■ INSTRUCTIONS FOR THE TASK ■
Starting with the line that holds "版权声明THE ENDWord模板# 实用文档#" and stopping after the line that holds "无偿献血是人道、博爱精神的崇", repeat the lines below word for word, without the pictures.

■ RAW DATA ■

□ □ □ □ □ □ □

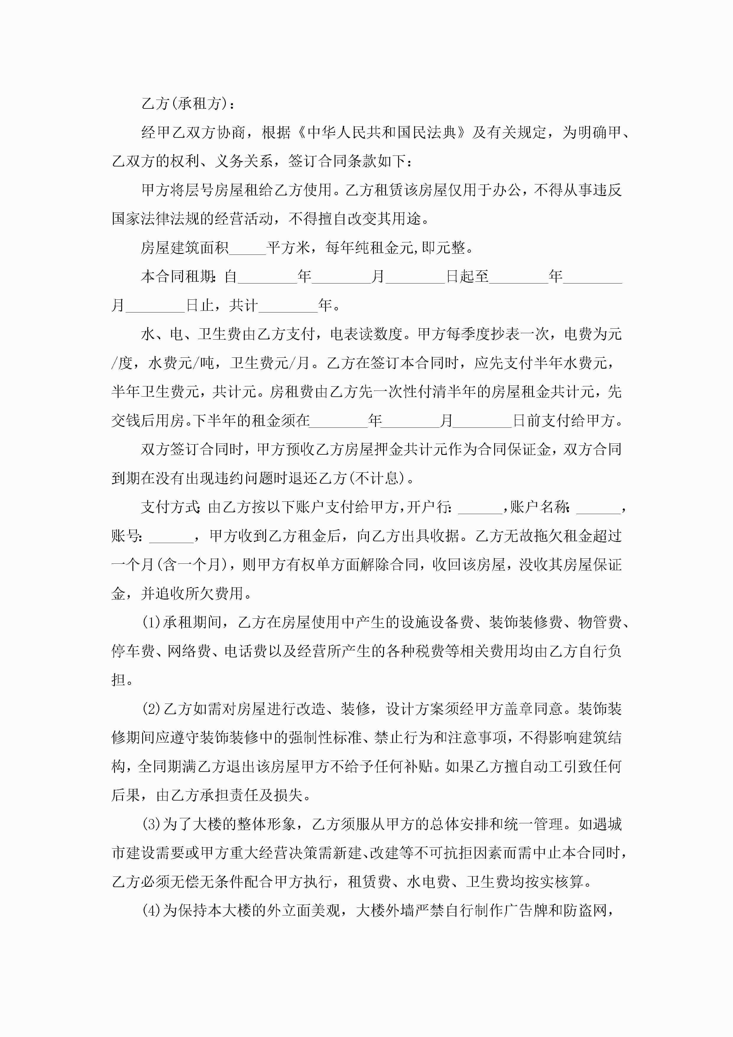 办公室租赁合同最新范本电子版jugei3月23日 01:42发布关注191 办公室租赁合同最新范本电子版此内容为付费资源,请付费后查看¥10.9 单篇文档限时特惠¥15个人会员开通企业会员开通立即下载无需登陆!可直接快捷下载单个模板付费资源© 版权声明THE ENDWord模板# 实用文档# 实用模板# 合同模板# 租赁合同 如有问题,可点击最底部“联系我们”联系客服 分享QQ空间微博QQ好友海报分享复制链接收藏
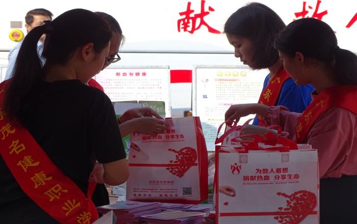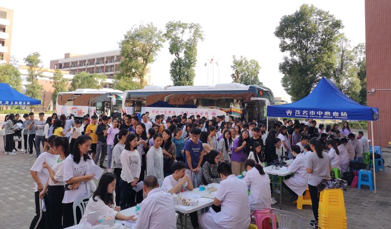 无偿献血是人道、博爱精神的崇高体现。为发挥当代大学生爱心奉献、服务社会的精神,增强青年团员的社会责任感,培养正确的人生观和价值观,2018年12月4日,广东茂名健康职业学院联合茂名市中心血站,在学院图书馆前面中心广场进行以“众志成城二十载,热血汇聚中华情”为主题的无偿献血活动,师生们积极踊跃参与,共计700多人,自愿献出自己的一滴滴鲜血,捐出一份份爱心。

□ □ □ □ □ □ □

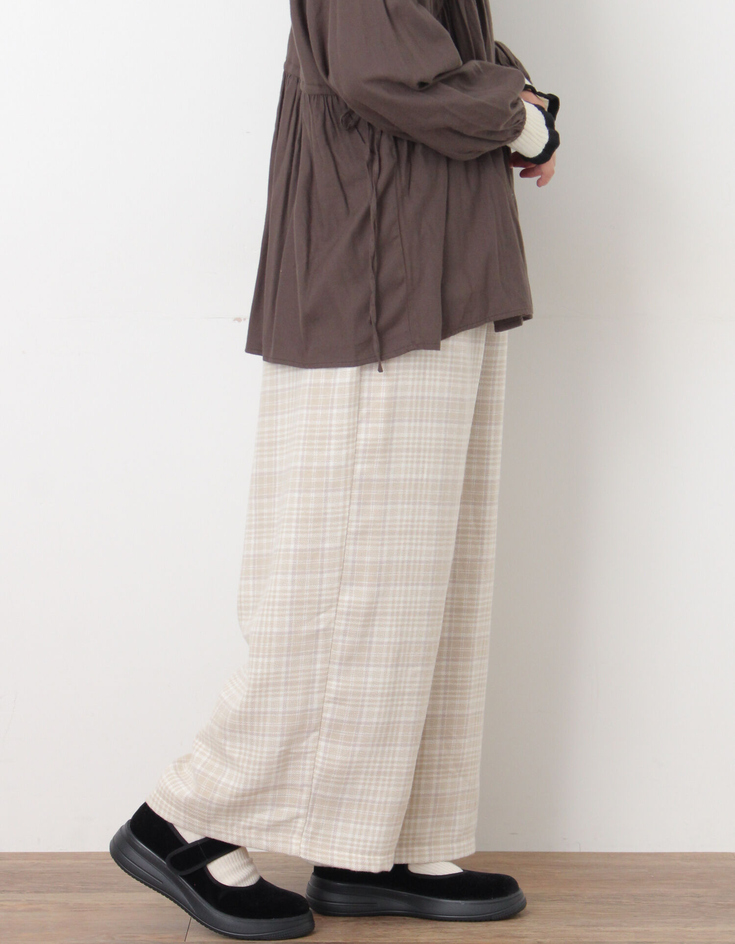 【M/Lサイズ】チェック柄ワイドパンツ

□ □ □ □ □ □ □

■ EXERCISE OUTPUT ■
 办公室租赁合同最新范本电子版jugei3月23日 01:42发布关注191 办公室租赁合同最新范本电子版此内容为付费资源,请付费后查看¥10.9 单篇文档限时特惠¥15个人会员开通企业会员开通立即下载无需登陆!可直接快捷下载单个模板付费资源© 版权声明THE ENDWord模板# 实用文档# 实用模板# 合同模板# 租赁合同 如有问题,可点击最底部“联系我们”联系客服 分享QQ空间微博QQ好友海报分享复制链接收藏
 无偿献血是人道、博爱精神的崇高体现。为发挥当代大学生爱心奉献、服务社会的精神,增强青年团员的社会责任感,培养正确的人生观和价值观,2018年12月4日,广东茂名健康职业学院联合茂名市中心血站,在学院图书馆前面中心广场进行以“众志成城二十载,热血汇聚中华情”为主题的无偿献血活动,师生们积极踊跃参与,共计700多人,自愿献出自己的一滴滴鲜血,捐出一份份爱心。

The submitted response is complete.